▸ **PROBLEM STATEMENT**
No pictures belong in the copy. Retype exactly, and only, the stretch of lines below from the one with "Cobra com mais" through the one with "12月2日,民政部發布了《2".

[Opening MATERIAL FOR THE TASK section]

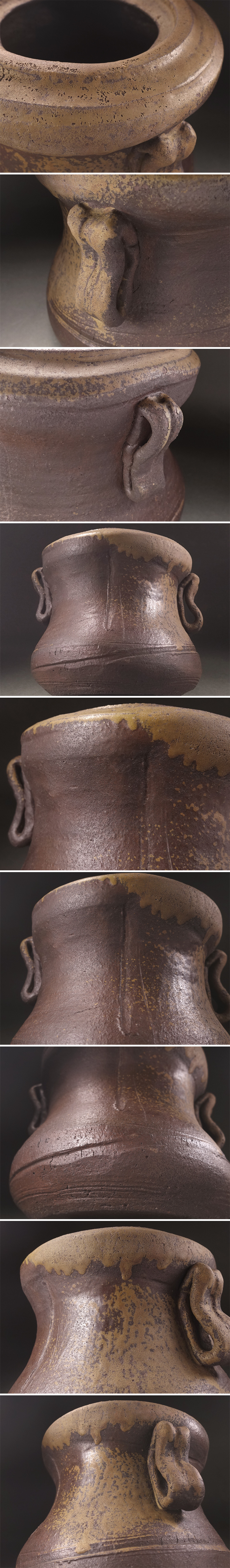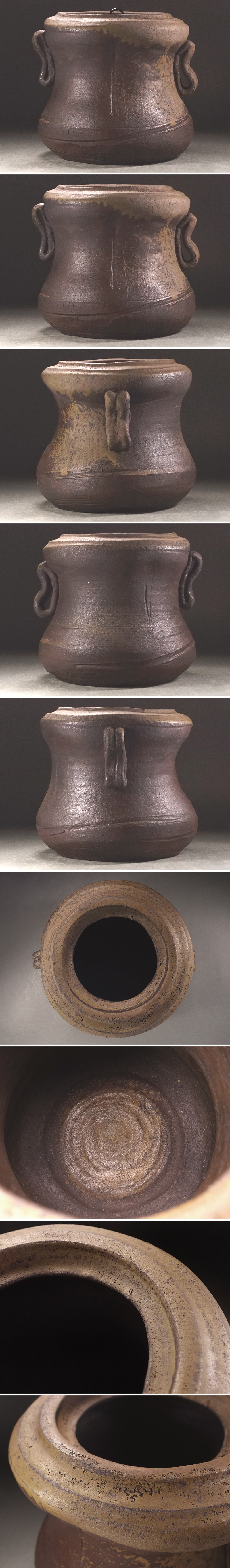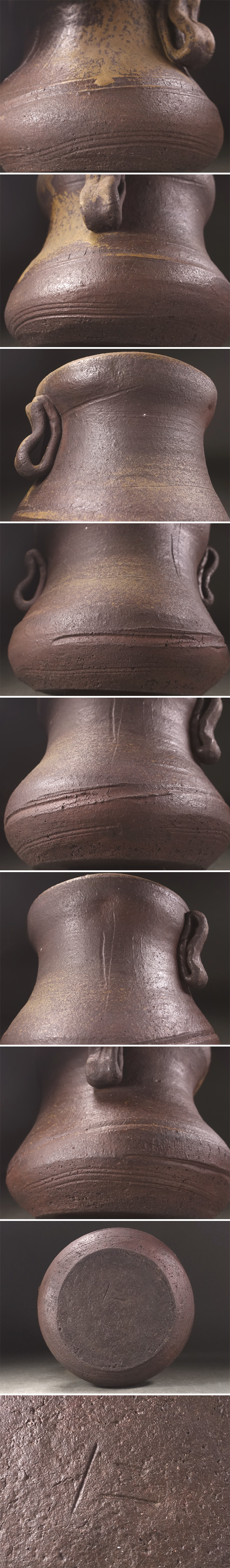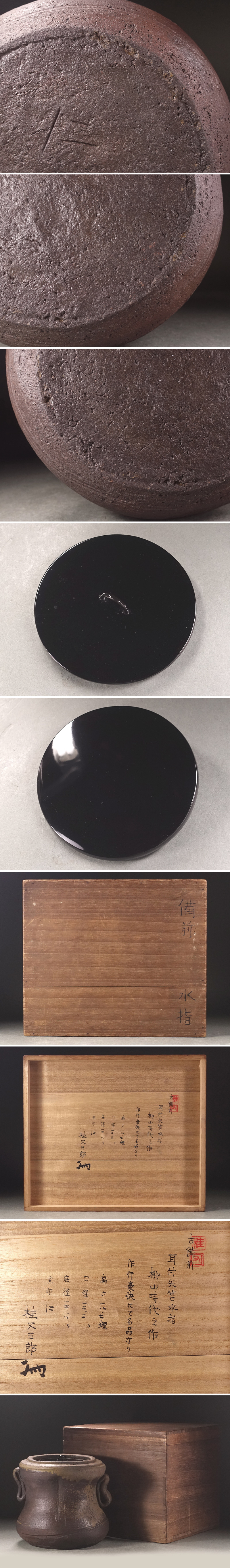 ∇花∇桂又三郎鑑定 桃山時代 古備前矢筈口耳付水指 流れ胡麻の景 作域豪快にて名品なり 底に窯印 桂又三郎鑑定箱付 收藏
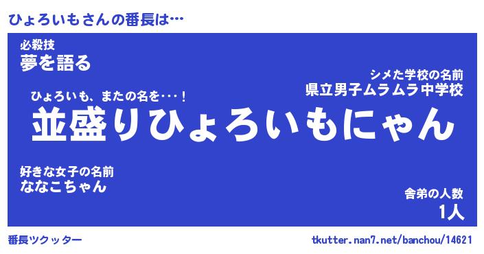 | ヘコむあだ名 | 『ひょにゅー』『豆乳』『ひょぷりん』 |
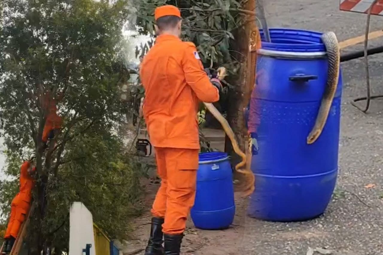 Cobra com mais de 1,5 metros é retirada do topo de árvore em frente à escola infantil de Guaraí
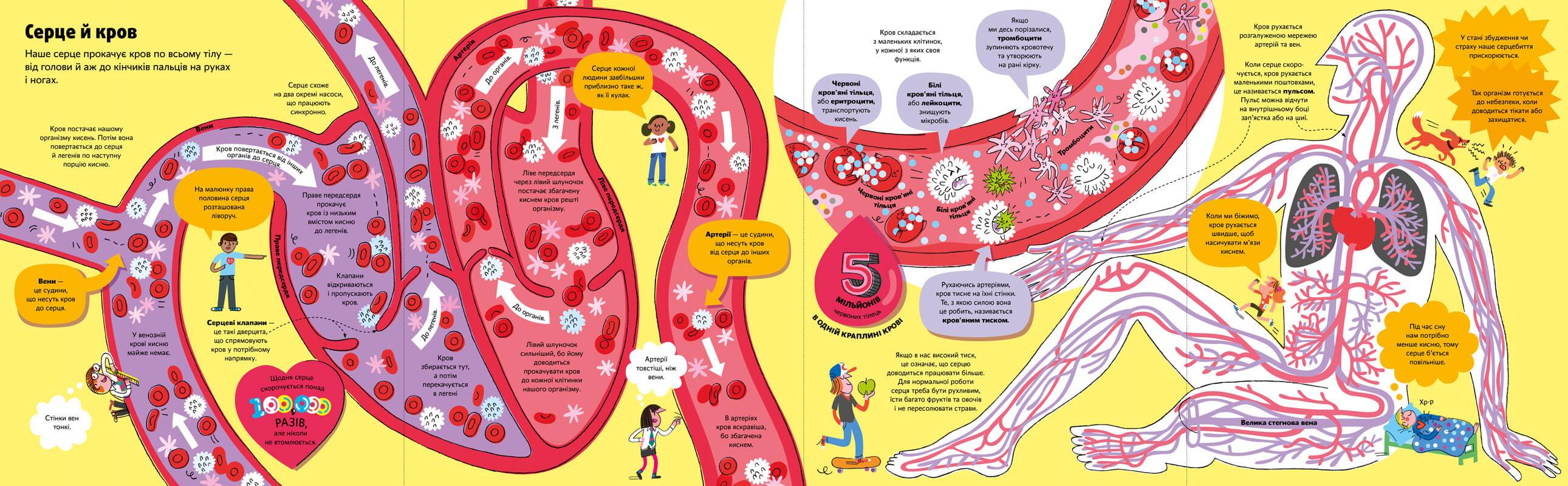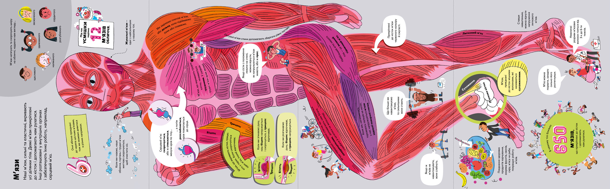 Книга Мінни Лейсі та Пітера Аллена має 4 велетенські розгортки на яких можна побачити, як дивовижно функціонують м’язи, яку будову має серце, як побудовано наш скелет та прослідкувати подорож їжі організмом.
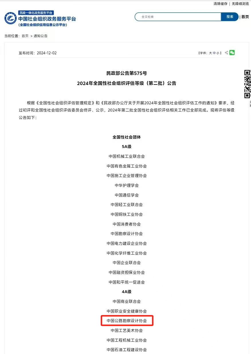 12月2日,民政部發布了《2024年全國性社會組織評估等級(第二批)公告》(民政部公告第575號),中國公路勘察設計協會榮獲4A級全國性社會組織的殊榮。這一榮譽的取得,離不開中央社會工作部、民政部以及交通運輸部等相關政府部門的深切關懷與悉心指導,離不開協會全體干部職工、各分支機構及所有會員單位的團結協作,是對近年來協會各項工作的充分肯定。
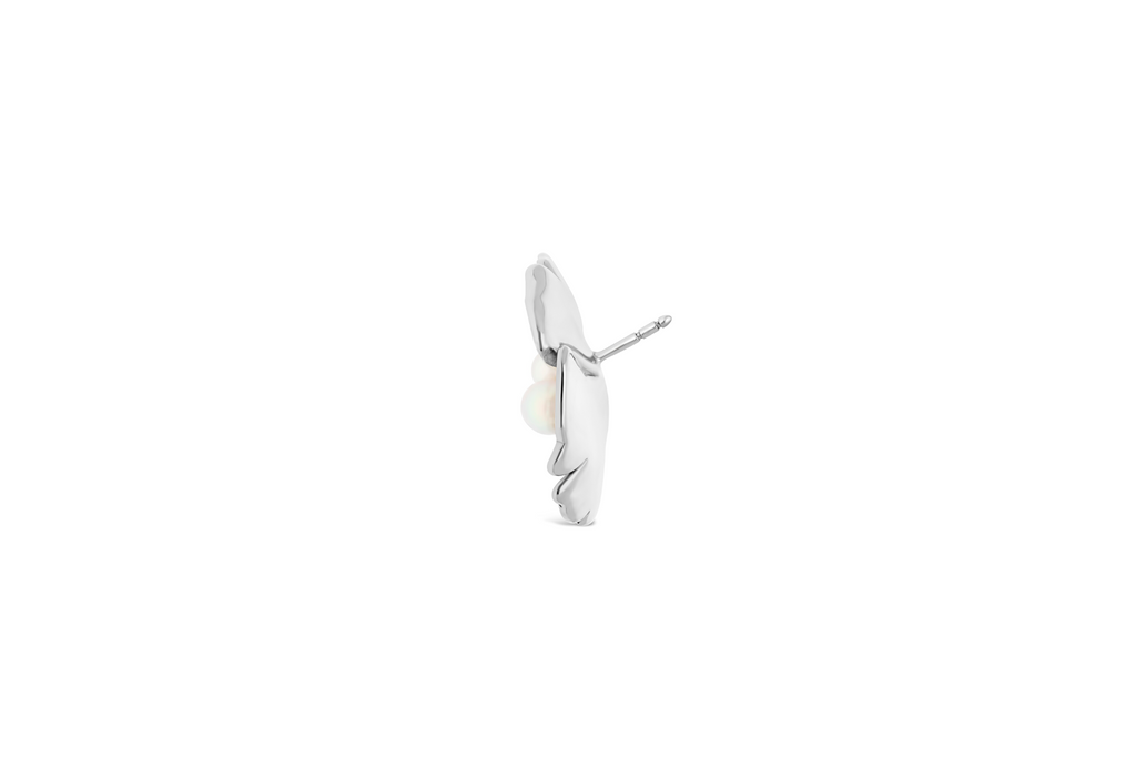 Trois feuilles de Ginkgo se déploient en corolle pour donner vie à une fleur nouvelle. Ses pétales de nacre au blanc lumineux révèlent des reflets irisés chatoyants. En son cœur, 3 perles d'Akoya éclosent élégamment.

[Closing MATERIAL FOR THE TASK section]

▸ **SOLUTION**
 Cobra com mais de 1,5 metros é retirada do topo de árvore em frente à escola infantil de Guaraí
 Книга Мінни Лейсі та Пітера Аллена має 4 велетенські розгортки на яких можна побачити, як дивовижно функціонують м’язи, яку будову має серце, як побудовано наш скелет та прослідкувати подорож їжі організмом.
 12月2日,民政部發布了《2024年全國性社會組織評估等級(第二批)公告》(民政部公告第575號),中國公路勘察設計協會榮獲4A級全國性社會組織的殊榮。這一榮譽的取得,離不開中央社會工作部、民政部以及交通運輸部等相關政府部門的深切關懷與悉心指導,離不開協會全體干部職工、各分支機構及所有會員單位的團結協作,是對近年來協會各項工作的充分肯定。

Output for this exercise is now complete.